Collecting, selling, and using US citizen data has been a significant debate topic for many years, and this letter demonstrates how several key policymakers are renewing their interest in protecting privacy. While no comprehensive privacy legislation has been passed at a federal level at this time, these efforts are contributing to the calls for the administration and Congress to pass a more modern and comprehensive data protection and privacy act that clearly outlines what data can be collected, sold, and used within the US.
For US citizens, people should understand what data is currently being collected about them, who it is being sold to, and how it is being used. Additionally, those who sell or buy citizen data should expect increased governmental oversight and regulations as calls for more comprehensive data security continue to grow.
Other Noteworthy Stories.
What: The US Treasury Department has sanctioned two Egyptian nationals for their alleged work in training ISIS members on cybersecurity as well as overseeing the terrorist group's funding efforts. The department sanctioned both Mu’min Al-Mawji Mahmud Salim and Sarah Jamal Muhammad Al-Sayyid for their involvement with the Electronic Horizons Foundation (EHF) platform, which is believed to be connected with the terrorist group. The FBI has also offered a reward of $20,000 for information on the two's whereabouts.
Why: With the Treasury Department’s sanctioning of these two Egyptian nationals, the Department accused the two of helping ISIS establish a violent anti-West propaganda outlet as well as providing support and guidance when using cryptocurrencies. This sanctioning marks a notable case of US agencies targeting terrorist affiliates for assisting in cyberwarfare efforts as well as beginning to monitor international cryptocurrency exchanges.
What: Germany has announced that it will approve the EU’s new AI act after a compromise was reached between the EU and Germany’s digital issues minister. This new act aims to establish a regulatory framework for the development of AI.
Why: With this compromise, the German minister aimed to implement more innovation-friendly rules and implemented greater improvements for small to medium-sized businesses to avoid disproportionate requirements.

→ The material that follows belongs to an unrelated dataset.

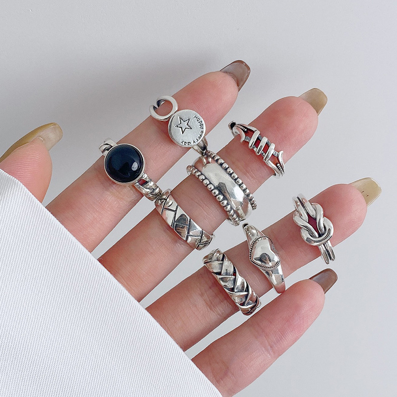 一恋韩版叠戴戒指女复古时尚重工星星麻花爱心开口指环食指戒潮

While the minister did outline these details, he did mention that the compromise “lays the foundations for the development of trustworthy AI.” As AI continues to become more popular across various industries, governmental authorities worldwide will continue to increase their oversight to ensure the product is safely developed and used.
What: Yesterday, the CEOs of the major social media platforms testified before the Senate to discuss their alleged failures to remove child abuse materials on their platform. The session featured CEO testimonies from Meta, TikTok, Snap, Discord, and X.
Why: On Wednesday, the US Senate met with the CEOs of several major social media platforms with the hopes of creating momentum to pass new federal safeguards that would address the rise of child sexual abuse material (CSAM) online. During the hearing, senators heavily criticized the CEOs blaming their platforms as key contributors to the problem. From this hearing, it also became clear that while each of these platforms has existing solutions in place to address this CSAM, each platform uses a different solution to varying degrees of success.
Additionally, the hearing resulted in strong bi-partisan support to take broad action in securing these social media platforms. While no legislation has been put forward at this time, US citizens should expect renewed efforts by both Congress and the administration to pass new legislation that will aim to directly deal with the rise of CSAM online.